Por outro lado, acrescentou, o Tribunal Penal Internacional (TPI) emitiu mandados de prisão contra o primeiro-ministro israelita, Benjamin Netanyahu, contra o seu ex-ministro de Defesa, Yoav Gallant, e contra o chefe militar do Hamas, Mohamed Deif. 

"Foi uma medida histórica que oferece um passo material para a justiça em relação às vítimas. Ainda assim, em resposta, os senadores dos Estados Unidos exigiram ameaças contra o procurador do TPI e o Presidente francês [Emmanuel Macron] sugeriu que Netanyahu beneficiasse de imunidade", relevou.

"Os mesmos países que apoiaram vigorosamente o TIJ na sua perseguição ao Presidente [da Rússia, Vladimir] Putin pelo rapto de crianças ucranianas, tomaram uma postura muito diferente, até hostil, quando o mandado visava os seus aliados. As inconsistências só demonstram uma verdade fundamental: a fiscalização da justiça não pode ser selecionada para a substituição. A autoridade das instituições internacionais, os direitos internacionais, têm de ser preservados", acrescentou. 

Por isso, prosseguiu, a AI exige a todos os países que integram ou não o TIJ, incluindo os Estados Unidos e outros aliados de Israel, que demonstrem respeito pelos tribunais e pela lei internacional "para prender e exigir a condenação de quem for acusado e julgado pelo TIJ". 
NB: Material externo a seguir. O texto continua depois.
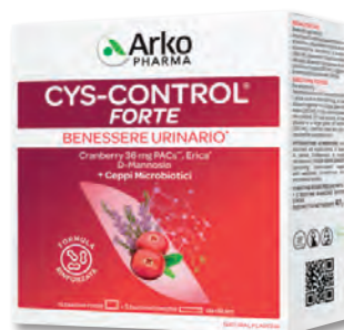
CYS CONTROL FORTE Per favorire il comfort urinario preservando l'equilibrio del microbiota
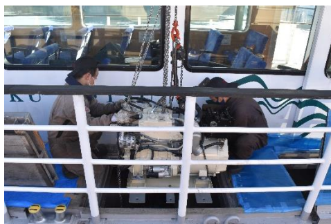
かもめ12号補機オーバーホール
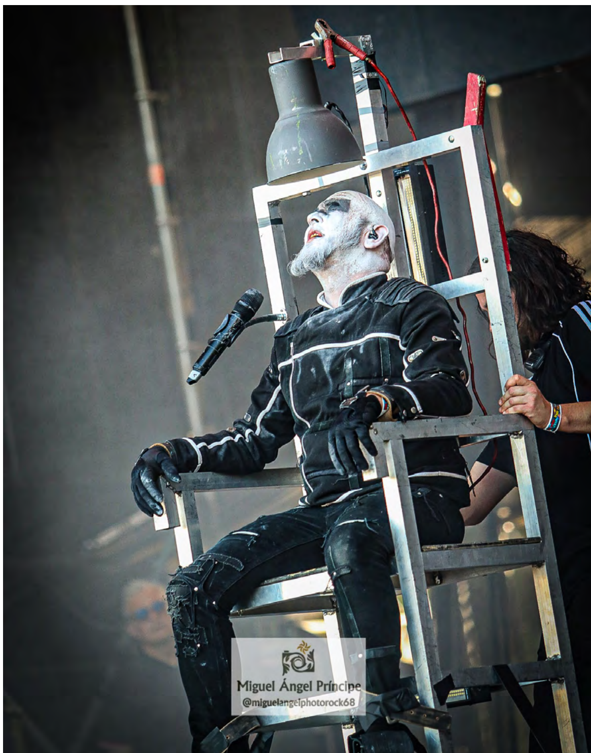
Miguel Ángel Príncipe @miguelangelphotorock68

El vocalista hizo referencia durante su actuación en numerosas ocasiones a los lazos irrompibles que le unen con nuestro país, haciendo varios intentos por demostrarnos en castellano la historia que le une a España y como vivió durante muchos años en nuestra tierra, llevándose de la misma un más que grato recuerdo lo que es posible le llevase a gestionar una de sus mejores actuaciones cargada de
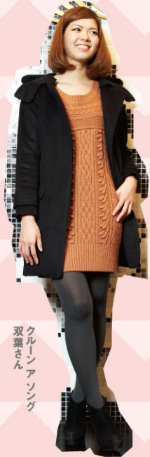
クレーンアソング 双葉さん

フード取り外しコート ¥22,050 → ¥11,025 [クレーンアソング] P18MAP92
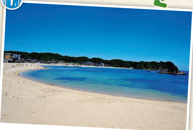
N4-2 ลานเล่นน้ำทะเลโมะริยะ ไคซุชิ โยะคุโตะ

ได้รับการเลือกให้เป็น "1 ใน 100 ลานเล่นน้ำทะเลยอดนิยม" ที่น้ำทะเลมีระดับความใสสูง ประตุศาลเจ้าชินโตสีแดงที่ตั้งอยู่ในทะเลนั้นทำให้เกิดวิวที่ต้นแบบประเทศญี่ปุ่นอย่างแท้จริง ☎ โมะริยะ, ตะลิสสะ-ชิ ☎ 0470-73-6641 📍 ปกติทะเลสีแดงกลางเดือนกรกฎาคมถึงปลายเดือนสิงหาคม
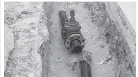
Obras en Fuente de Piedra VIVA

"Con la red de agua nueva en estas calles, evitamos averías y fugas, lo que nos permite optimizar al máximo los pocos recursos hídricos existentes", han manifestado desde el Consistorio.
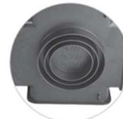
Scarichi inferiori: \varnothing 75 - 90 - 110 e \varnothing 80 - 100 - 125

Materiali ABS con Izod ad altissima resistenza
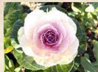
ハボタン 上旬～下旬 展望プラザ
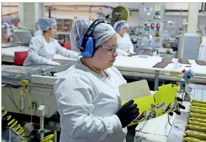
La tasa de participación de las mujeres llegó a un mínimo histórico de 41,2%, en el período mayo-julio de 2020. Mientras que la de los hombres se situó en un 62%.

Ello implicaría aumentar hasta 3,2 puntos el crecimiento del PIB, por sobre lo perdido con la crisis de la pandemia. Además, se generarían hasta 558 mil empleos adicionales de mujeres.
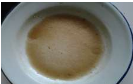
Gambar 9. Membran Selulosa Asetat
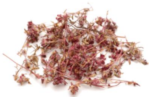
Рис. 3. Материал до измельчения.
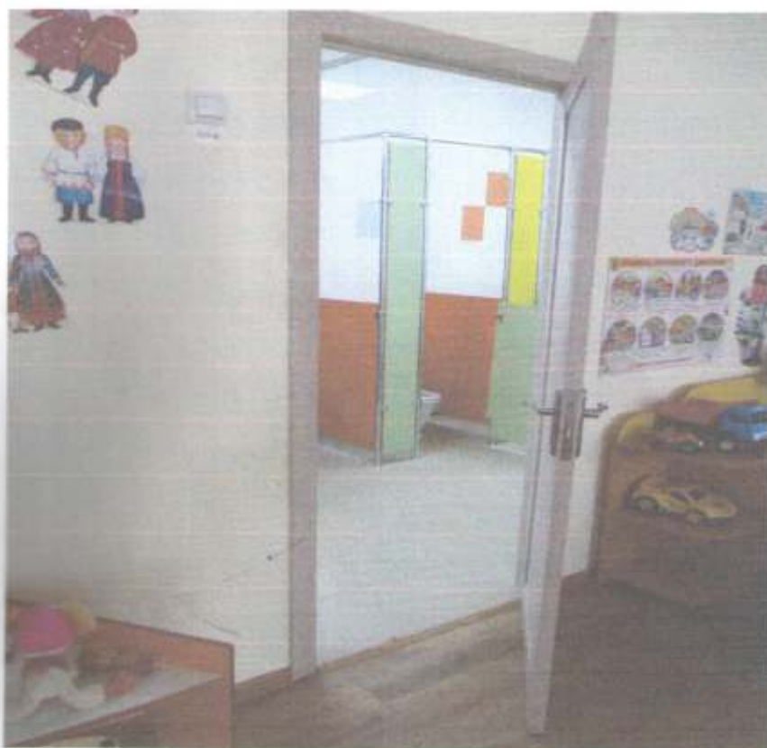
Фото № 73 Зона оказания услуг Модуль
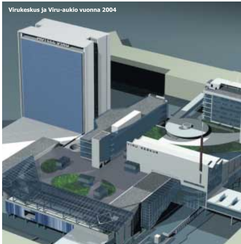
Virukeskus ja Viru-aukio vuonna 2004
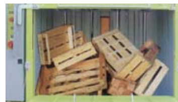
Paller og kasser av tre er ikke noe problem
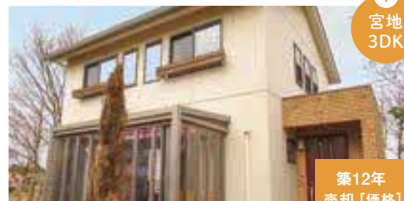
阿蘇山の麓に位置する 家具・温泉付き物件
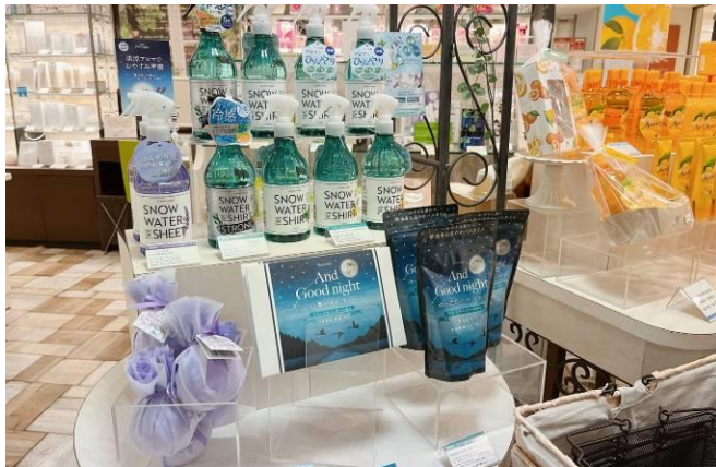
リビング売場: 衣類用冷感アロマスプレー
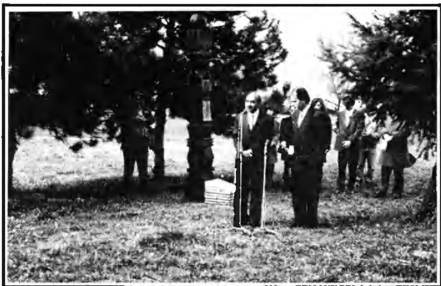
Beszédet mond Surinder Lal Malik az Indiai Köztársaság nagykövete Kőrösi Csoma Sándor halálának 150 éves évfordulója alkalmából 1992. április 13-án, az iskolánk állította kopjafánál
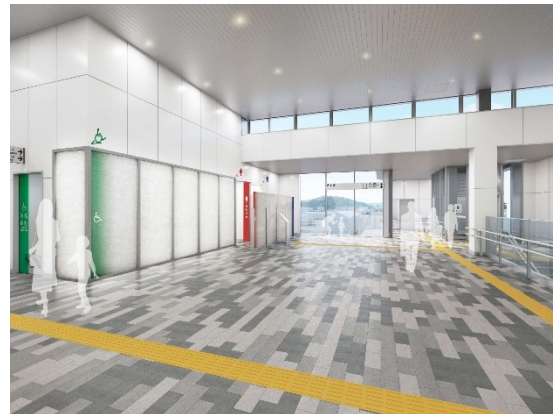
完成イメージ（上：自由通路南口、左下：改札外付近、右下：改札内付近）
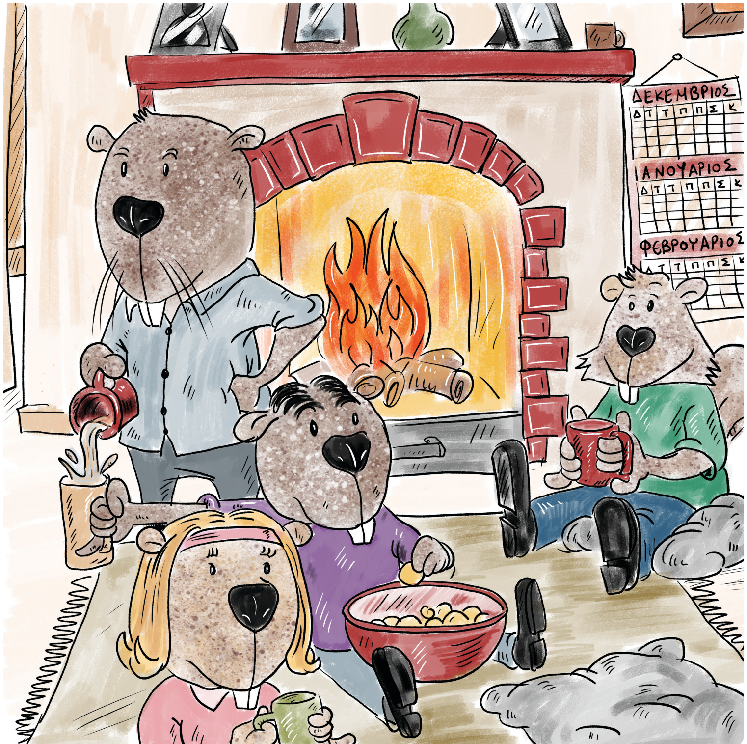
Η οικογένεια του Νέστορα είναι μαζεμένη γύρω από το τζάκι πίνοντας ζεστή σοκολάτα.
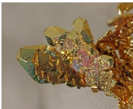
Krystaly zlata v dutině křemenné žilovině. Makrofotografie, velikost 3 mm. Národní muzeum – Přírodovědecké muzeum.

Víte, že kousky zlata se nazývají zlatinky?
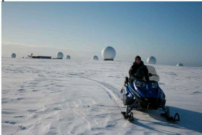
Bildet av arbeidsplassen

Jeg kom til Svalbard den 3 mars 2011, da var det nok så kaldt og forblåst her oppe. Jeg hadde fått jobb i Kongsberg Sattelite Service avdeling Svalbard. Her driver vi verdens største leverandør av tjenester knyttet til kontroll av og datamottak fra jordobservasjons- og miljøsatellitter i polare baner.
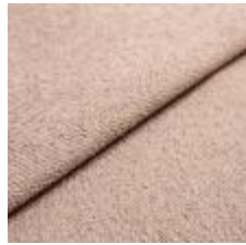
Sealife 384934 Pink 1029303
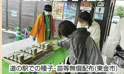
道の駅での種子・苗等無償配布(東金市)
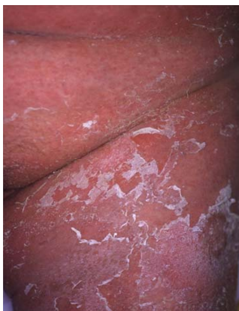
図 4 : AGEP の臨床
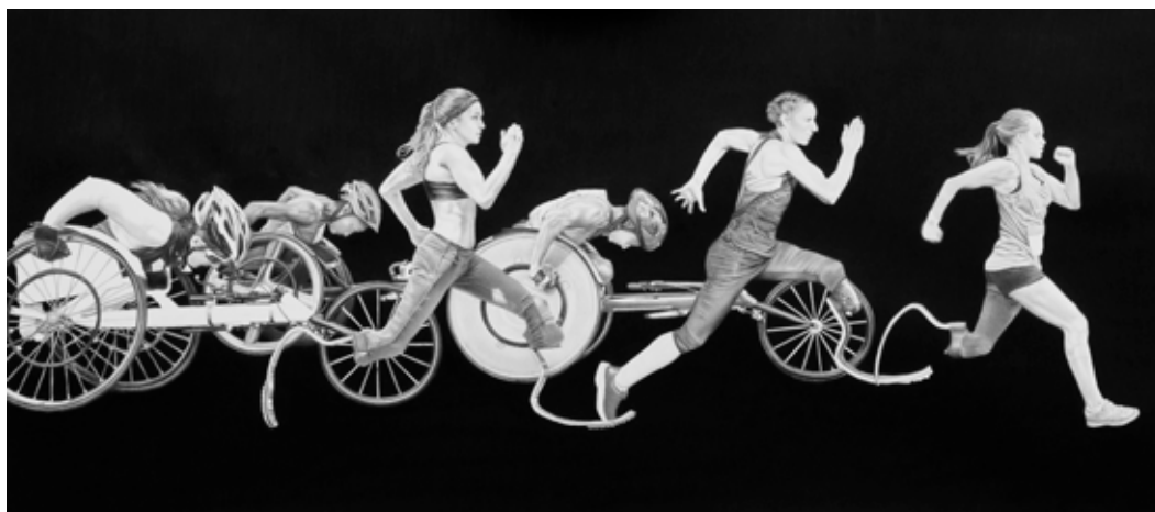
Maryline Terrier, Amazones paralympiques II , 2024, crayon graphite sur papier, 40 x 90 cm, encadrée : 50 x 100 cm, Courtesy H Gallery, Paris
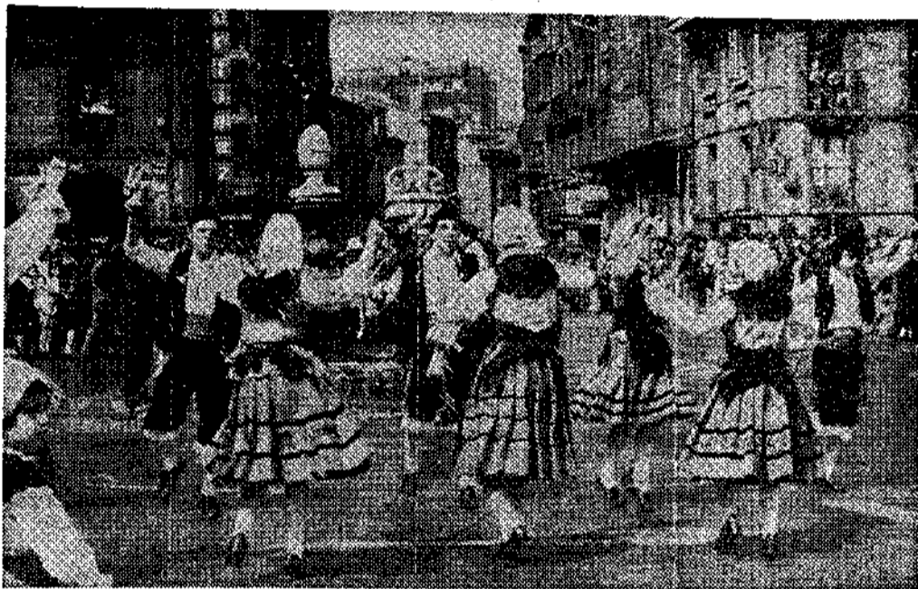
Un grupo folklórico asturiano actúa en la plaza de España
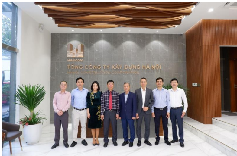
Tư vấn chiến lược nhân sự - Hancorp
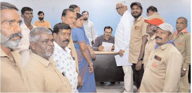
అదనపు కలెక్టర్ కు వినతి పత్రం అందజేస్తున్న పంచాయతీ కార్మికులు మొదటిపేజీ తరువాయి... అనంతరం ప్రజావాణి కార్యక్రమంలో జిల్లా అదనపు కలెక్టర్ కు వినతిపత్రం సమర్పించారు. జీతాలు లేక పేదరికంలో కార్మిక కుటుంబాలు ఈ కార్మికులు ఊరికి ఊరు పారిశుద్ధ్యం కాపాడుతూ, ప్రజలకు సేవలందిస్తూ, తెల్లవారజాము నుంచే క్రమిస్తారు. కానీ, నాలుగు నెలలుగా ఒక్క

రూపాయి జీతం కూడా అందక సర్వం కోల్పోతున్నారు. బడికి వెళ్లే పిల్లల ఫీజులు కట్టలేక ఇంటికి పరిమితమవుతున్నారు. కొంతమంది కార్మికులు వైద్య ఖర్చులను భరించలేక తీవ్ర అనారోగ్య పరిస్థితుల్లో బతుకుబండ్లిని లాగుతున్నారు. రెండు పూటల భోజనం కూడా పెట్టలేకపోతున్నారా? ఇంటి యజమానులు అద్దె కోసం ఒత్తిడి చేస్తున్నారా? మా పరిస్థితిని చూడటానికి ఎవరూ లేరా? అని ఆవేదన వ్యక్తం చేశారు ఓ మహిళా కార్మికురాలు.
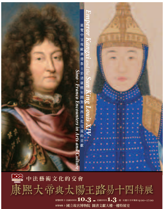
康熙大帝與太陽王路易十四特展海報

主題的感受及期待，進而對展示預期目標做一整體檢測，確保正式展示時達到一定之展示與學習效果。國立故宮博物院在二〇〇九年規劃「文藝紹興——南宋藝術與文化特展」時，首次進行展示前置評量，邀請藝術、歷史等相關科系學生於展示
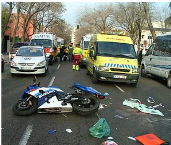
Demasiados jóvenes fallecen en accidentes con motocicletas.

Los accidentes de tráfico constituyen la causa principal de las discapacidades y minusvalías físicas. Causan entre el 60 y el 80% de personas parapléjicas y tetrapléjicas.
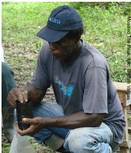
Mosaico The Peak, foto: William Vargas
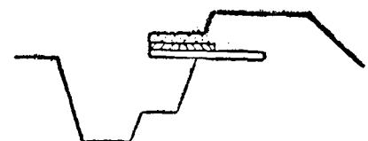
以鎗眼式掩堡為最良
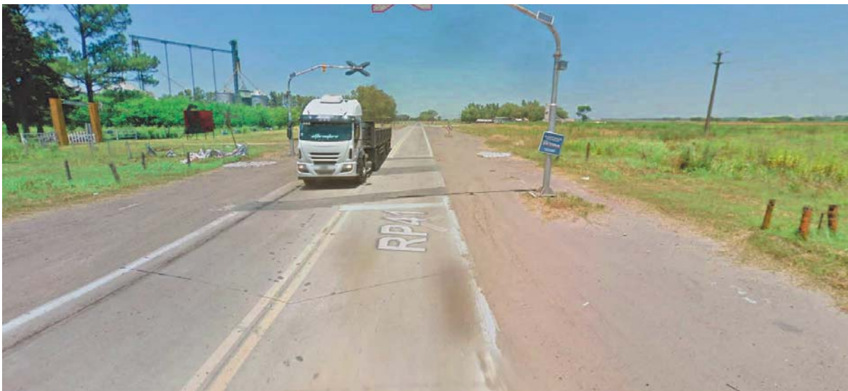
Imagen 4. Deterioro en la R.P. N°41. Partido de Navarro

El presente pliego contempla la ejecución de reconstrucción de losas en la totalidad de Zona Vial VI, manteniendo las características geométricas de las mismas.
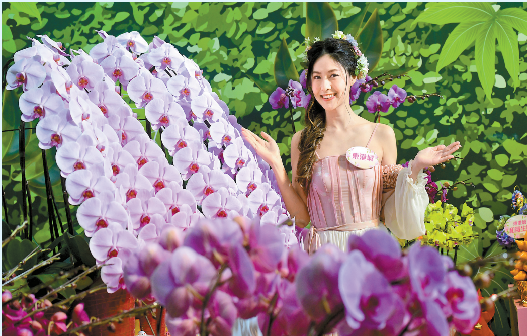
「東港城新春花市限定店」開鑼迎春，宣傳活動上美女與花爭艷。

委員會委員稱，知悉疫苗接種只是新冠肺炎的整體公共衛生應對措施的其中一項工具。當局需要繼續採取非藥物干預的公共衛生策略，包括保持社交距離、維持良好手部衛生和在公眾地方佩戴口罩，以減低傳播風險。
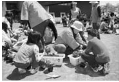
▲児童たちは、委員の方々から植え方を教わりながら丁寧に植栽しました。

5月31日、鶴木小学校で人権の花運動・植栽式が行われ、児童や市の人権擁護委員の方々がプランターにペゴニアの花を植栽しました。 この運動は、次の世代を担う子どもたちが、互いに協力して花を育てることで命の大切さや思いやりの心を育み、豊かな人権感覚を身につけてもらおうと、市や人権擁護委員協議会などで組織する秋田県央地域人権啓発活動ネットワーク協議会が毎年行っているものです。 植栽後のプランターは、地域行事などでの飾り付けにも利用されます。
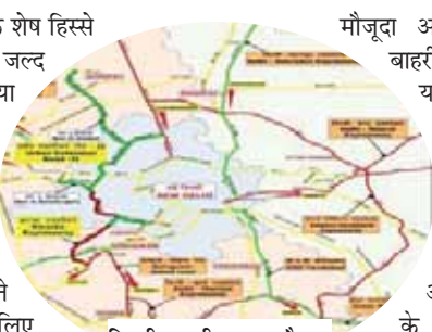
दिल्ली-एनसीआर का मैप

मौजूदा आंतरिक और बाहरी रिंग रोड पर यातायात को सुगम बनाने के अलावा, यूईआर-2 की परिक्ल्पना डीडीए ने दिल्ली के लिए दिल्ली-एनसीआर का मैप पट्टे प्रदान करने के अलावा बाहरी, पश्चिम और दक्षिण-पश्चिम दिल्ली में आवागमन में सुधार करेगा। यह परियोजना, राष्ट्रीय राजधानी में बवना, नरेला-कंडावाला, मुंडका और द्वारका आदि के बीच पूरे खंड के माध्यम से एनएच-44
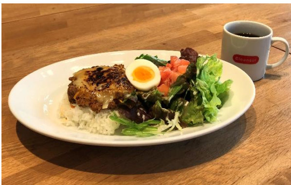
丹野こんにゃく入りライスの バイクドチーズキーマカレー (ドリンク付き) 1,250 円 (税別)
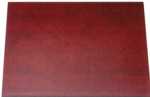
3-296-01 1101928 【A】尺1寸角敷膳 溜格子裏黒乾漆塗 ¥5,800 318×318×H6 櫃50
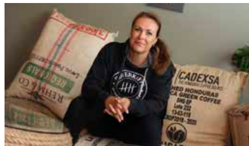
Frihet i en kaffekopp s. 8
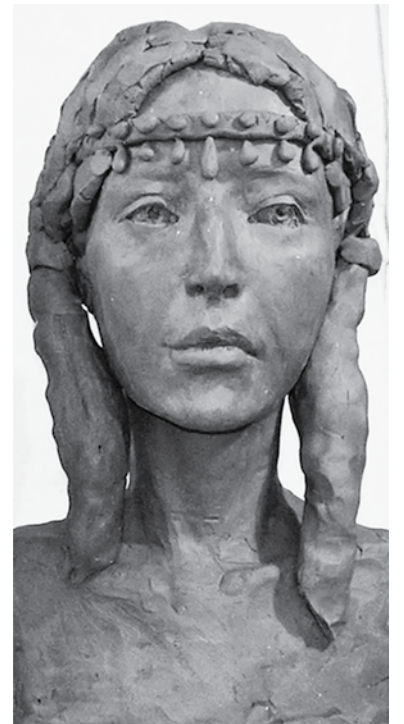
Реконструкция внешнего вида ирменской девушки по черепу из могильника Фирсово в Алтайском крае

Около 3400 года до н.э. появилась клинописная письменность в Месопотамии. Около 3100 года до н.э. появилось иероглифическое письмо в Египте. Около 2800 года до н.э. возникла до сих пор нерасшифрованная современными учеными письменность в долине Инда. Вскоре за ней возникла письменность на острове Крит, до сих пор расшифрованная современными учеными лишь частично. Около 2000 года до н.э. возникла
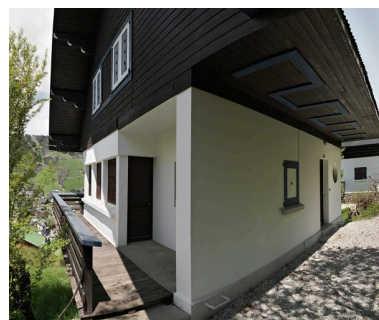
Vue d'ensemble du balcon le long de la façade sud IVR82_20117400107NUCA
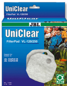
JBL FilterPad VL Filtro de algodón para filtros CristalProfi
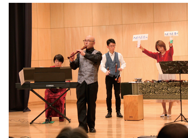
▲「[与作]」の演奏では参加者もかけ声で参加しました

12月14日、野本電設工業コスモスプラザで「古河市民大学魅力ある楽器の世界～リコーダー編～」を開催しました。
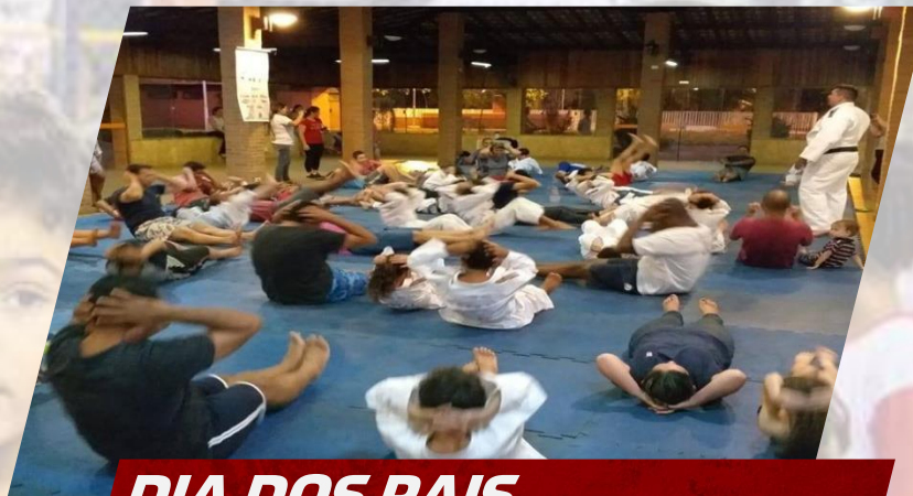
DIA DOS PAIS
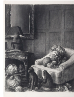
Untitled, 2020 Graphite, fusain et monochrome acrylique, gesso sur papier coton, 38 x 30 cm

Soutenu par la galerie depuis 2010, Miguel Branco, l'un des artistes majeurs de la scène artistique portugaise contemporaine, sera mis à l'honneur par Festival de l'Histoire de l'Art au Château de Fontainebleau à partir du 3 juin jusqu'au 18 septembre 2022 , dans le cadre de la Saison France-Portugal 2022 . Dans ses peintures, dessins et sculptures, l'artiste revisite souvent des images puisées dans l'histoire de l'art, questionnant la nature et l'homme, son évolution, à travers l'animal et son regard.

"Também apelamos ao gabinete do procurador do TIJ para considerar adicionar o genocídio à lista de crimes que está a investigar na Palestina, e para considerar aplicar um mandado de prisão adicional contra indivíduos suspeitos de responsabilidade criminal por genocídio", afirmou Callamard. 

"As pessoas de todo o mundo exigem que o nosso governo, que o governo deles, no mundo árabe, na América Latina, na Ásia, na Europa, finalmente faça o suficiente para julgar os suspeitos de genocídio", acrescentou.

Para a secretária-geral da AI, a comunidade internacional tem os instrumentos necessários à sua disposição para parar o genocídio e para levar os suspeitos à justiça.

"Não é apenas o apoio ativo de alguns países que permitiu a carnificina dos últimos 14 meses. É também a inação, a indiferença e a impunidade que permitiu a carnificina dos últimos meses. E estamos aqui para dizer `basta`. Os palestinianos de Gaza não têm mais tempo para esperar por uma ação. A cada minuto que passa, há pessoas que desesperam com as hesitações e inação, permitindo a carnificina de mais crianças, de mais mães e de mais pais e de mais destruição", frisou.